### [Data supplied]
>>>>>

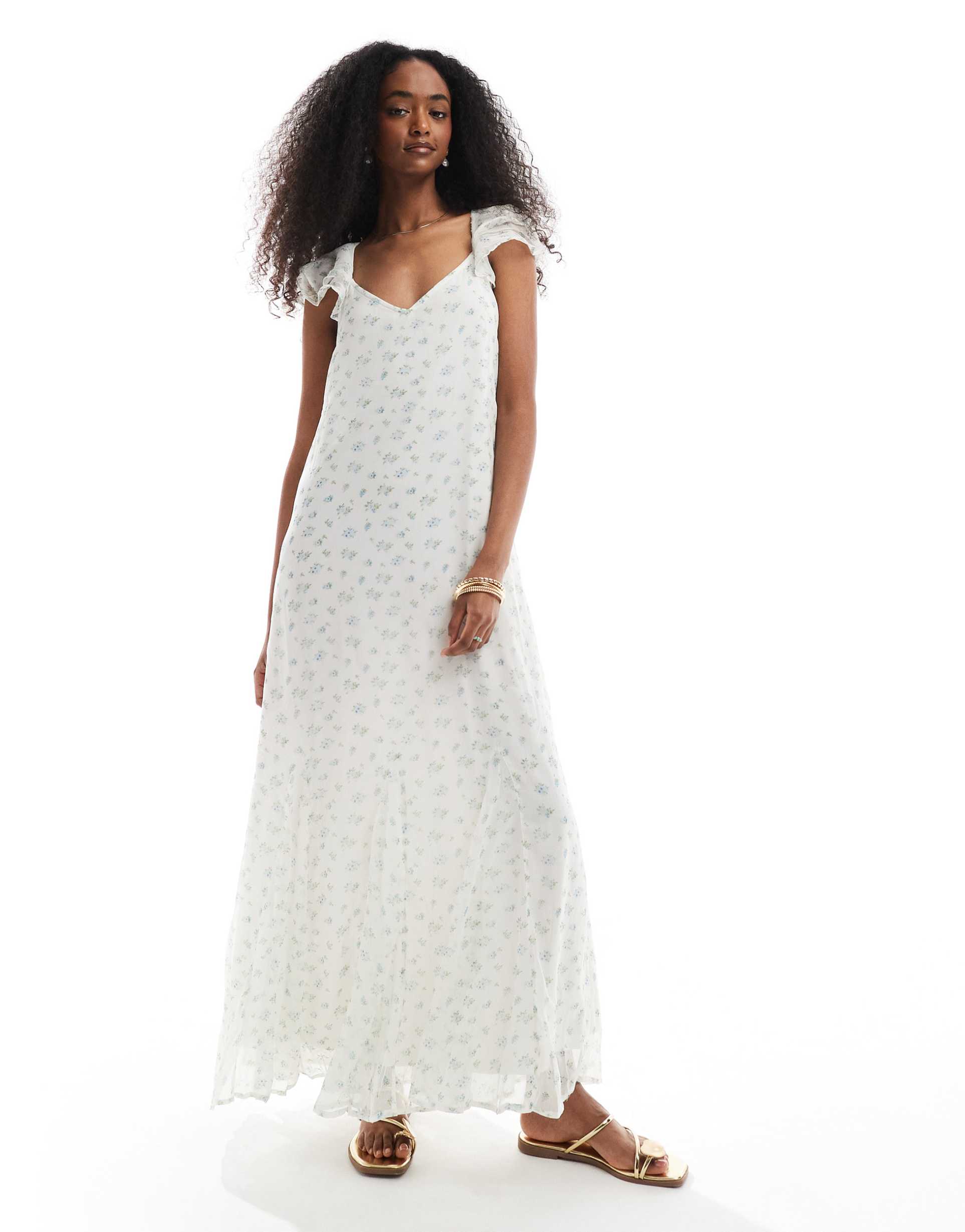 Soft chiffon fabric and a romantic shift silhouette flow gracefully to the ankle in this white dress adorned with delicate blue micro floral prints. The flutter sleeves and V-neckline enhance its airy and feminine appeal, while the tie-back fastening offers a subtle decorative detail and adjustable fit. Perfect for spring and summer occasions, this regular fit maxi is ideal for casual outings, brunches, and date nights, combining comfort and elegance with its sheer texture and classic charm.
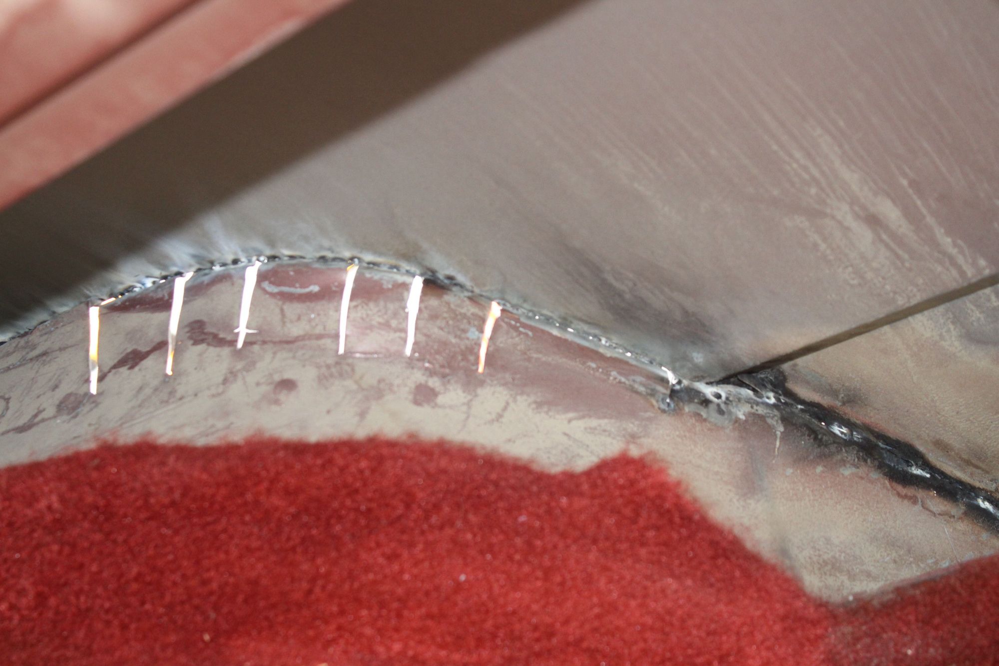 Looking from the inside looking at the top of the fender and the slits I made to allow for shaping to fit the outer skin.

<<<<<
>>>>>

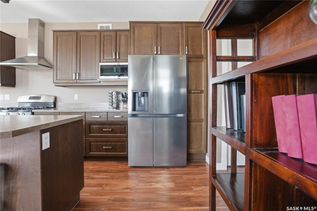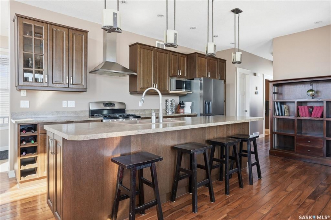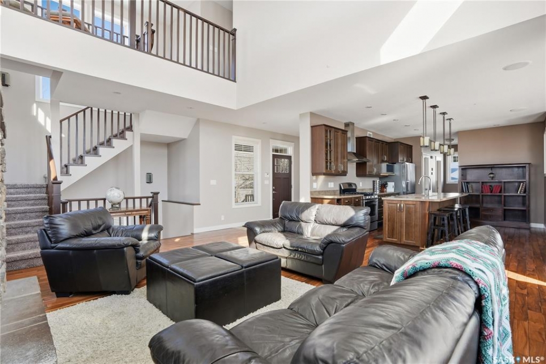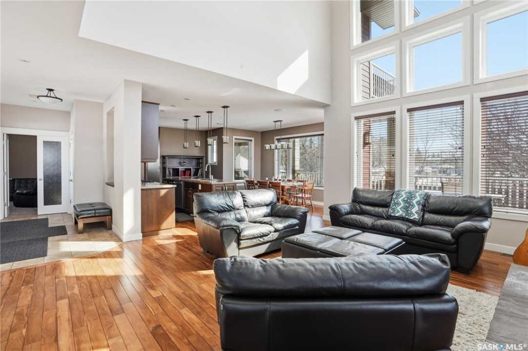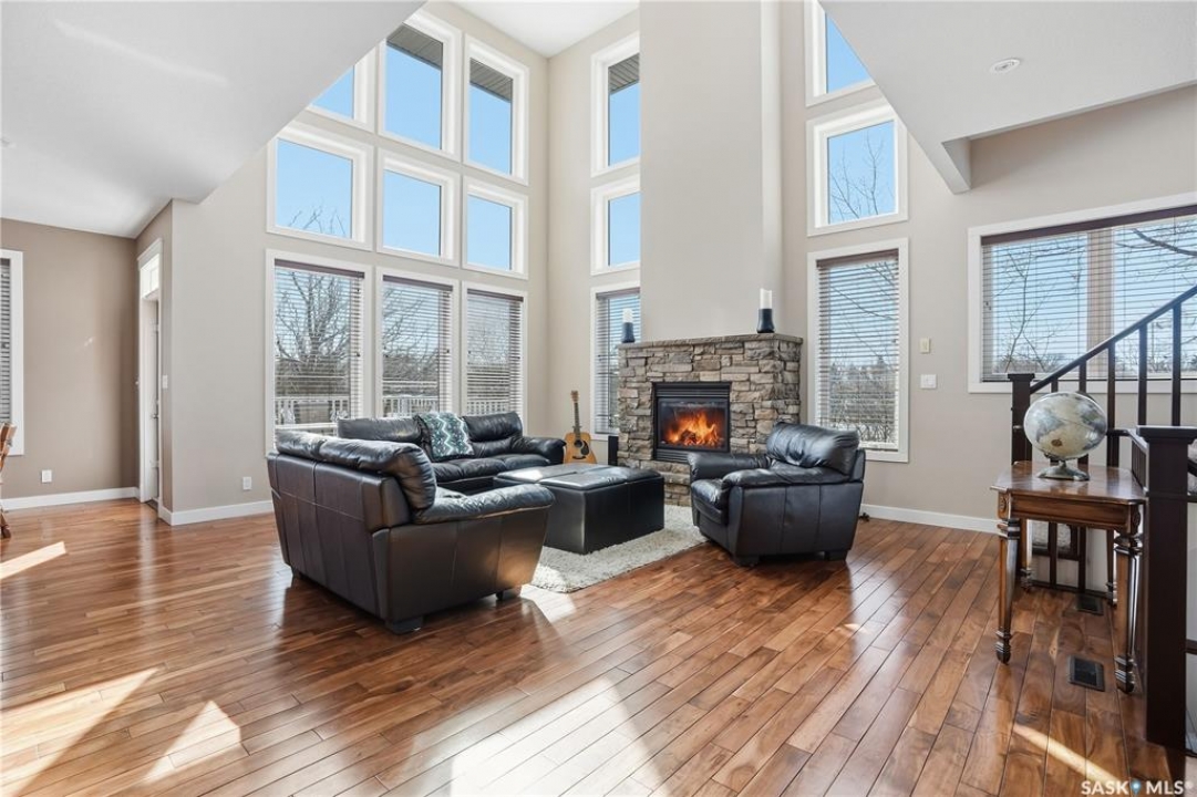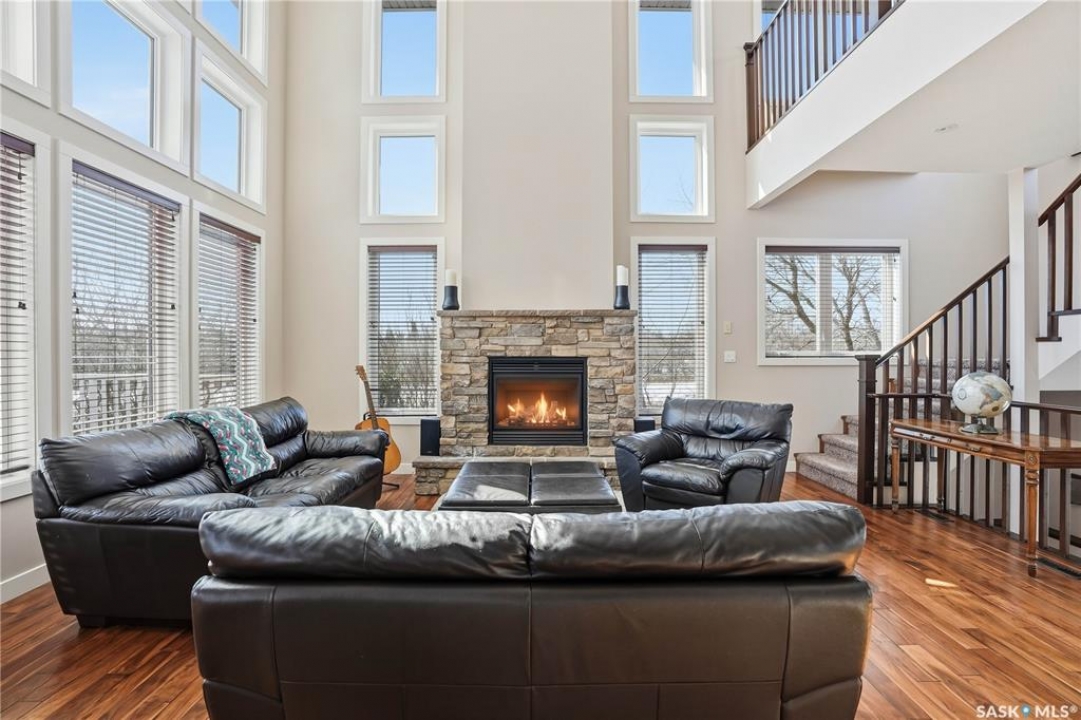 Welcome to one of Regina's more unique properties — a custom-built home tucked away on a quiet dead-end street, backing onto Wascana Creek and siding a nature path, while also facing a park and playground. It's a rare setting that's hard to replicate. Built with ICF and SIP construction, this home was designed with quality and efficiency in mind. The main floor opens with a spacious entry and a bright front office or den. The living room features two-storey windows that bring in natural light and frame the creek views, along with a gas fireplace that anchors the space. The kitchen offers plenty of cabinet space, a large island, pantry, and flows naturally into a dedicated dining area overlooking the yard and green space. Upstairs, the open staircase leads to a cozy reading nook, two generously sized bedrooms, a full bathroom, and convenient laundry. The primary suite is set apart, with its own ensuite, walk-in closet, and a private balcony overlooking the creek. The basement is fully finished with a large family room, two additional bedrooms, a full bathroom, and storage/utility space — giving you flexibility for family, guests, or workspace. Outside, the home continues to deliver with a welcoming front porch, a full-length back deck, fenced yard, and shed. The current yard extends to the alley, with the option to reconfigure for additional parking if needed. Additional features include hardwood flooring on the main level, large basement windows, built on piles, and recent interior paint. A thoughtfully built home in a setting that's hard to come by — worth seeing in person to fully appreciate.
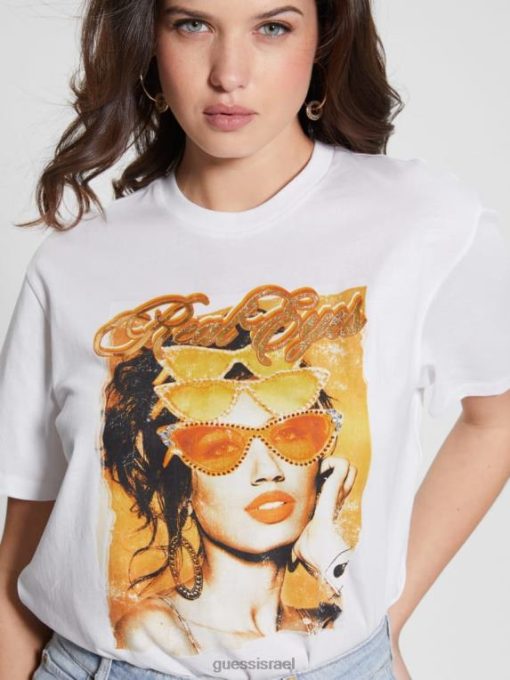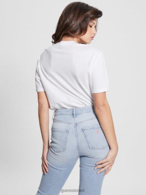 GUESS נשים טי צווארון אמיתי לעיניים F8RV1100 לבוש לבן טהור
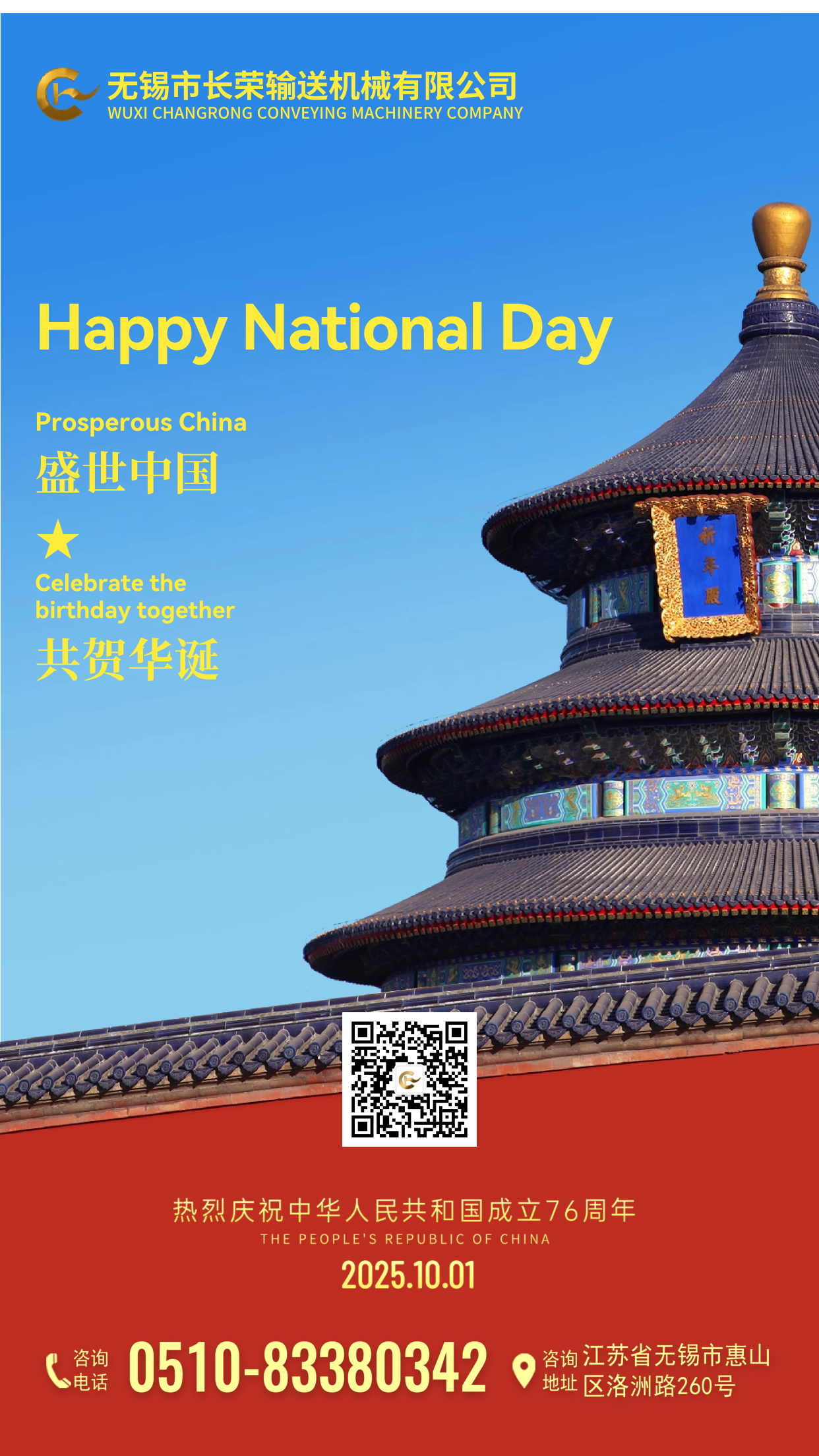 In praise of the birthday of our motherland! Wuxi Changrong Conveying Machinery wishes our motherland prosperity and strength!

<<<<<

### [What is being asked]
Give again the lines of the listing above that run from the one with "Soft chiffon fabric" up to and including the one with "Looking from the". Keep them exact and omit the pictures.

### [Solution to the problem]
 Soft chiffon fabric and a romantic shift silhouette flow gracefully to the ankle in this white dress adorned with delicate blue micro floral prints. The flutter sleeves and V-neckline enhance its airy and feminine appeal, while the tie-back fastening offers a subtle decorative detail and adjustable fit. Perfect for spring and summer occasions, this regular fit maxi is ideal for casual outings, brunches, and date nights, combining comfort and elegance with its sheer texture and classic charm.
 Looking from the inside looking at the top of the fender and the slits I made to allow for shaping to fit the outer skin.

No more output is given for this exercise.